Conference: ACL 2025
arXiv: 2506.00088
Area: Hallucination Detection
Keywords: Hallucination Detection, Neural ODE, Neural CDE, Neural SDE, Hidden State Trajectories, Classifiers

TL;DR

This paper represents the first attempt to apply Neural Differential Equations (Neural DEs) to LLM hallucination detection. By modeling the continuous trajectories of token activations in the hidden space, the proposed method systematically evaluates the truthfulness of statements, outperforming the state-of-the-art (SOTA) on the True-False dataset by over 14% in AUC-ROC.

Background & Motivation

Hallucination as a Core Challenge in LLM Deployment: The generation of inaccurate or non-factual statements by LLMs remains a major obstacle to their practical application, potentially leading to user churn or legal risks.

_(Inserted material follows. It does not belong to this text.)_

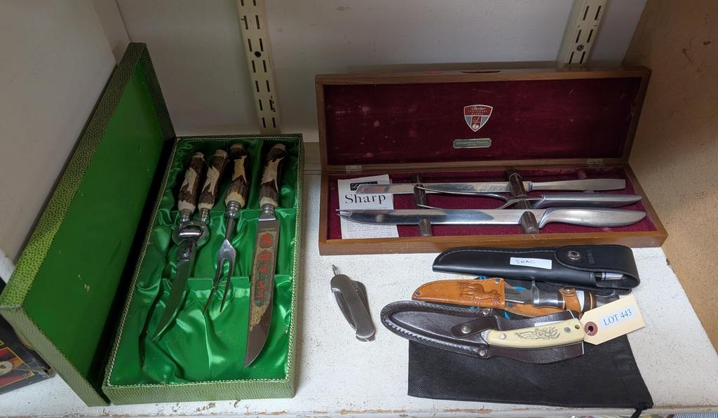 Lot 443: Shelf Of Cutlery And Hunting Knives.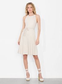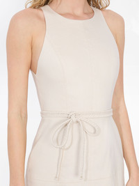 We are obsessed with the clean, minimalist design of our Leandra cream midi dress. It’s crafted from a structured yet breathable linen and cut into an A-line shape with a fitted bodice and slightly flared skirt. A waist-defining braided belt and a smocked back allow for ease of styling. This piece pairs beautifully with neutral-toned sandals for a casual daytime look or sleek heels for a more polished evening outfit. DETAILS - Midi dress - Adjustable braided belt - Linen - A-line fit - Smocked back with zipper closure - 56% linen, 43% viscose, 1% elastane - Dry clean only - Imported FIT - Model is 5'10" and wearing a size 2 - Length from the shoulder: 39 1/2" - Fits true to size, take your normal size

Limitations of Prior Work: - Evidence-based methods (retrieving external knowledge for verification): Computationally heavy and time-consuming, making them unsuitable for high-throughput scenarios. - Logit-based methods (e.g., AvgProb, AvgEnt): Estimating sentence-level uncertainty through token-level uncertainty estimation, which yields coarse granularity. - Consistency-based methods (e.g., SelfCheckGPT): Judging consistency through multiple generations, resulting in low efficiency. - Classification-based methods (e.g., SAPLMA): Efficient but rely solely on the hidden state of the final token, leading to degraded performance when non-factual information appears earlier or in the middle of a sequence.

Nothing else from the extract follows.